Print out each entry below in full, exactly as given, excluding pictures.

========================================================================

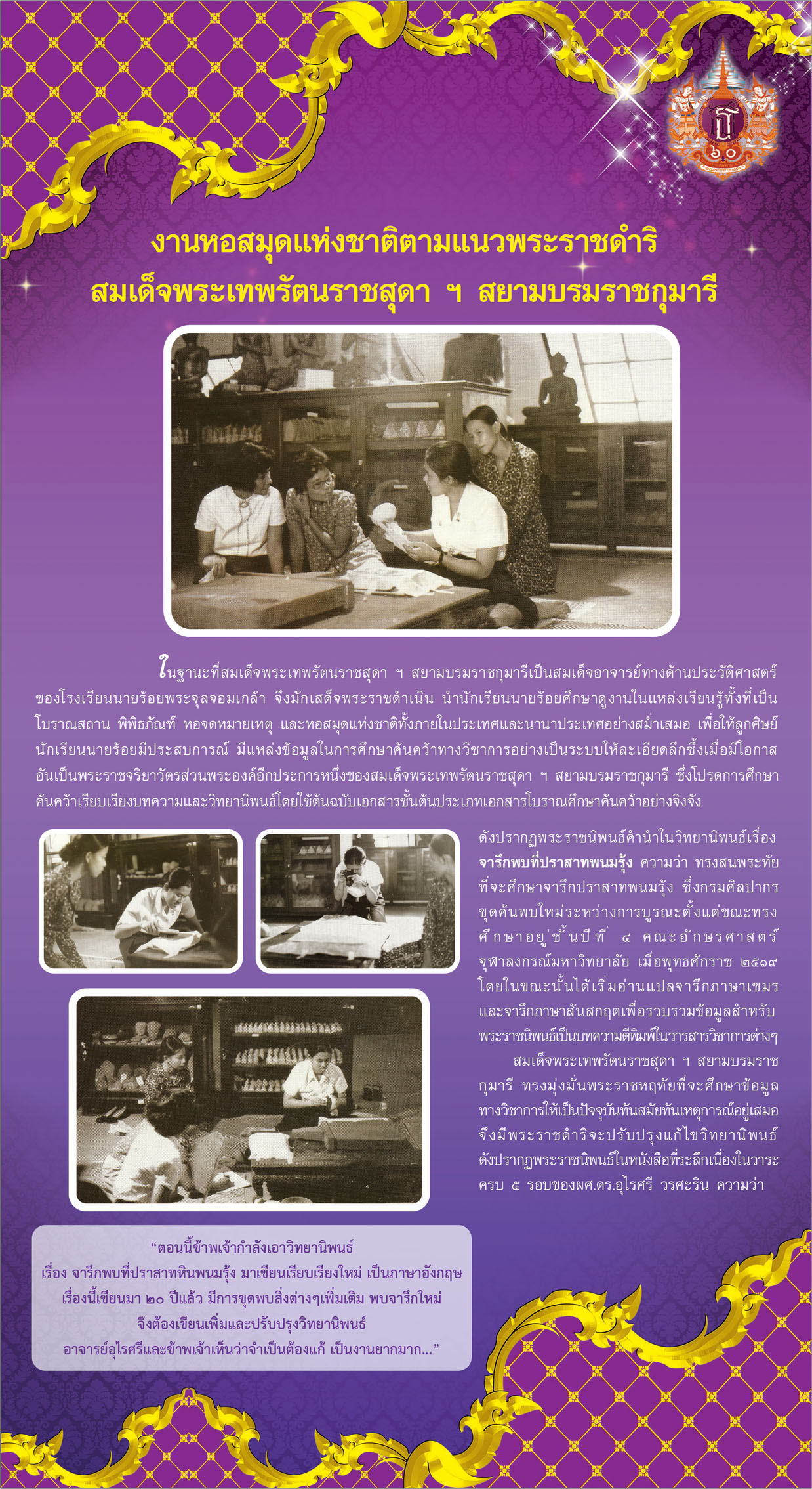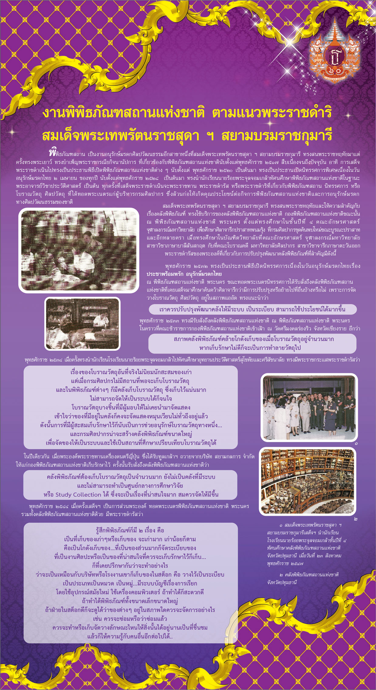 สมเด็จพระเทพรัตนราชสุดาฯ สยามบรมราชกุมารี กับงานอนุรักษ์มรดกไทย พิพิธภัณฑ์ โบราณคดี เเละประวัติศาสตร์ ตามรอยพระบาทสยามบรมราชกุมารี
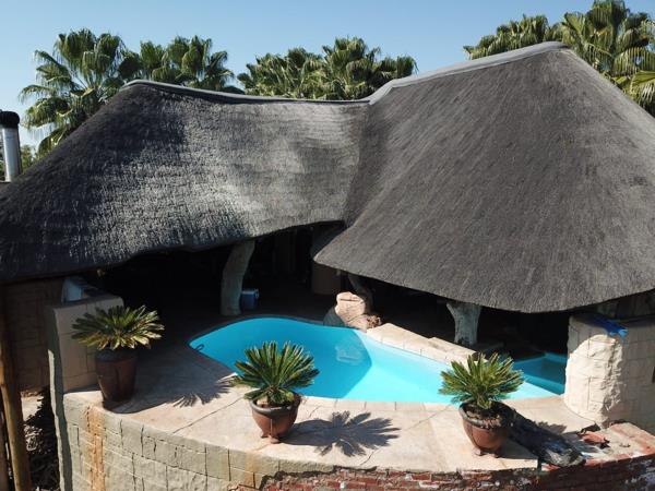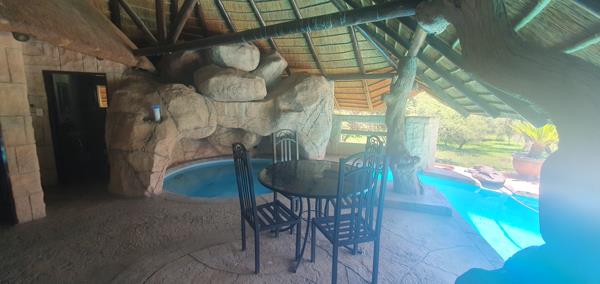 The lodge again is quite unique in appearance and offers three bedrooms, two bathrooms, lounge/recreation area, bar, kitchen, swimming pool and large jacuzzi, all in a class of its own which needs to be seen to really appreciate the ambience of this venue.
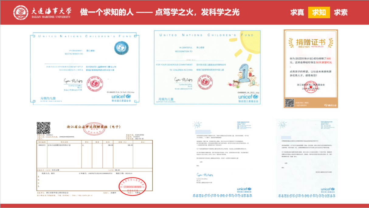 面对疫情,他始终冲在前线。核酸检测、清洗消杀、值班站岗,处处可见他的身影;积极响应学校号召,为抗疫工作者的子女进行无偿学业辅导,带着海大精神将自己的光和热照到更远的地方。他心怀感恩,将情商奖学金全额捐给中队并积极参与新华爱心教育基金会和联合国儿童基金会的月捐活动,尽自己的绵薄之力,做力所能及的公益。
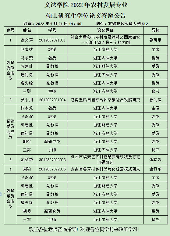 农村发展专业2022年夏季毕业硕士研究生学位论文答辩时间定在5月21日(14:30开始),衣锦校区实验大楼612,具体答辩信息见附件,欢迎各位老师莅临指导,欢迎各位同学前来聆听学习交流!
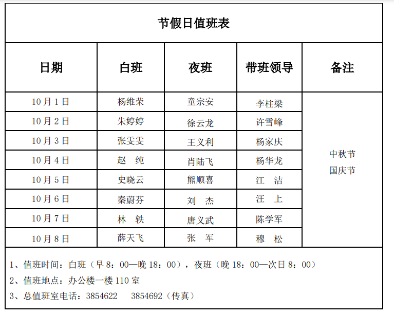 7、做好假期值班值守。假期值班人员要严格做好值班值守,领导干部要坚持在岗带班、外出报备制度,确保联络畅通,遇有重大突发事件,及时报告并妥善处理。学校总值班室设在综合楼一楼110室,实行24小时值班,值班电话是3854622,传真3854692。
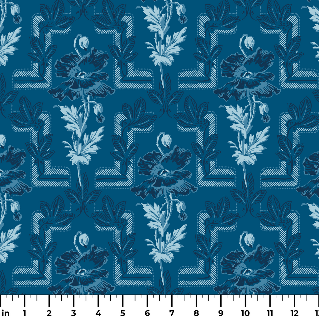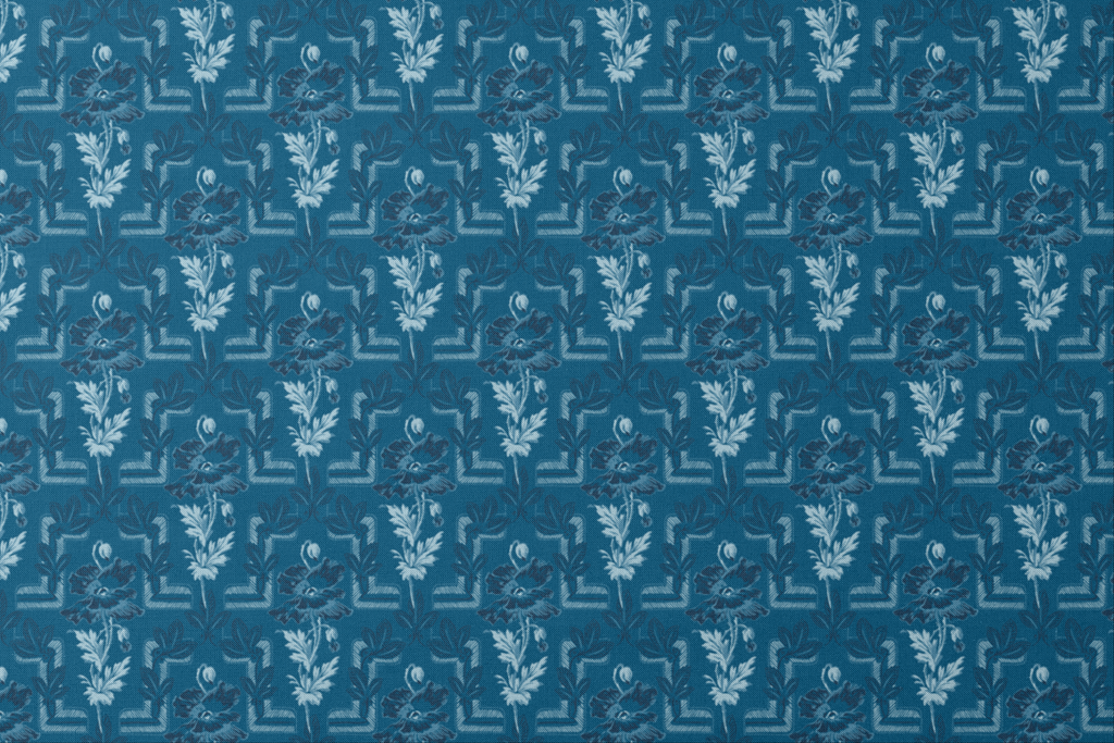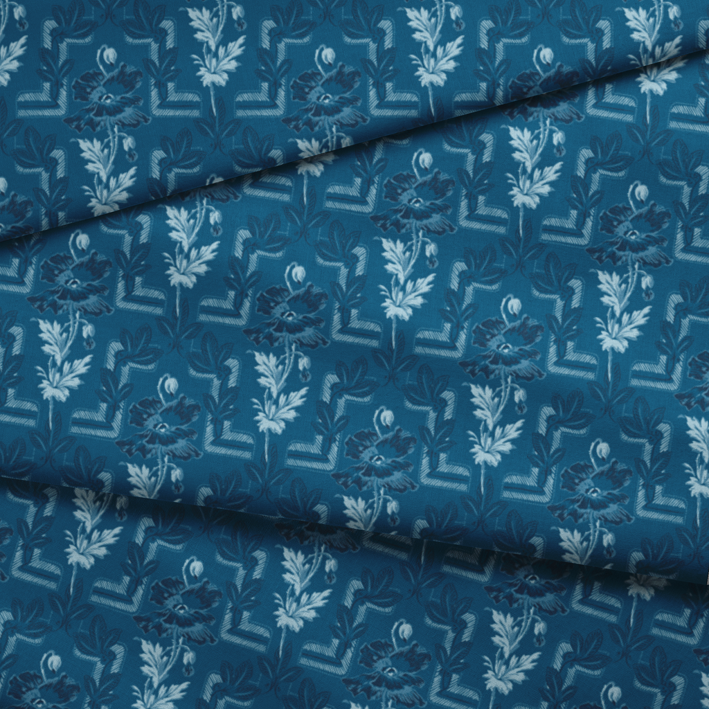 Elegant vintage floral design with delicate peonies and foliage arranged in a sophisticated geometric lattice pattern on a deep blue background.
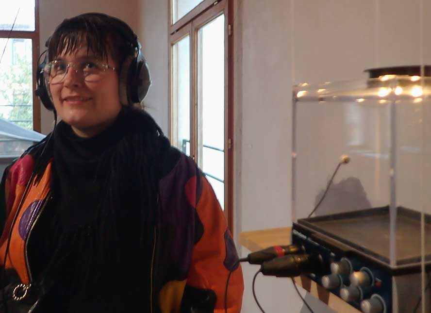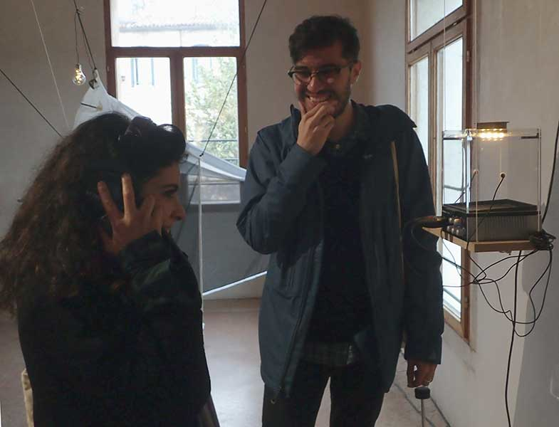 The night after the opening party, Tytti (with the headphones, image on the right) and I launched a performative Insect Karaoke Happening at the Research Pavilion venue. The Wing Beats soundtrack was played back through loudspeakers, and the audience was given simple DIY instruments (thin wine glasses and contact microphones) to join in making music with the electronic insect band. The glasses were played manually by rubbing glass rims with fingers whereas the contact mics were connected to Tytti’s soundcard which manipulated the noises with added effects such as echoes or delays.

========================================================================

Response below →
 สมเด็จพระเทพรัตนราชสุดาฯ สยามบรมราชกุมารี กับงานอนุรักษ์มรดกไทย พิพิธภัณฑ์ โบราณคดี เเละประวัติศาสตร์ ตามรอยพระบาทสยามบรมราชกุมารี
 The lodge again is quite unique in appearance and offers three bedrooms, two bathrooms, lounge/recreation area, bar, kitchen, swimming pool and large jacuzzi, all in a class of its own which needs to be seen to really appreciate the ambience of this venue.
 面对疫情,他始终冲在前线。核酸检测、清洗消杀、值班站岗,处处可见他的身影;积极响应学校号召,为抗疫工作者的子女进行无偿学业辅导,带着海大精神将自己的光和热照到更远的地方。他心怀感恩,将情商奖学金全额捐给中队并积极参与新华爱心教育基金会和联合国儿童基金会的月捐活动,尽自己的绵薄之力,做力所能及的公益。
 农村发展专业2022年夏季毕业硕士研究生学位论文答辩时间定在5月21日(14:30开始),衣锦校区实验大楼612,具体答辩信息见附件,欢迎各位老师莅临指导,欢迎各位同学前来聆听学习交流!
 7、做好假期值班值守。假期值班人员要严格做好值班值守,领导干部要坚持在岗带班、外出报备制度,确保联络畅通,遇有重大突发事件,及时报告并妥善处理。学校总值班室设在综合楼一楼110室,实行24小时值班,值班电话是3854622,传真3854692。
 Elegant vintage floral design with delicate peonies and foliage arranged in a sophisticated geometric lattice pattern on a deep blue background.
 The night after the opening party, Tytti (with the headphones, image on the right) and I launched a performative Insect Karaoke Happening at the Research Pavilion venue. The Wing Beats soundtrack was played back through loudspeakers, and the audience was given simple DIY instruments (thin wine glasses and contact microphones) to join in making music with the electronic insect band. The glasses were played manually by rubbing glass rims with fingers whereas the contact mics were connected to Tytti’s soundcard which manipulated the noises with added effects such as echoes or delays.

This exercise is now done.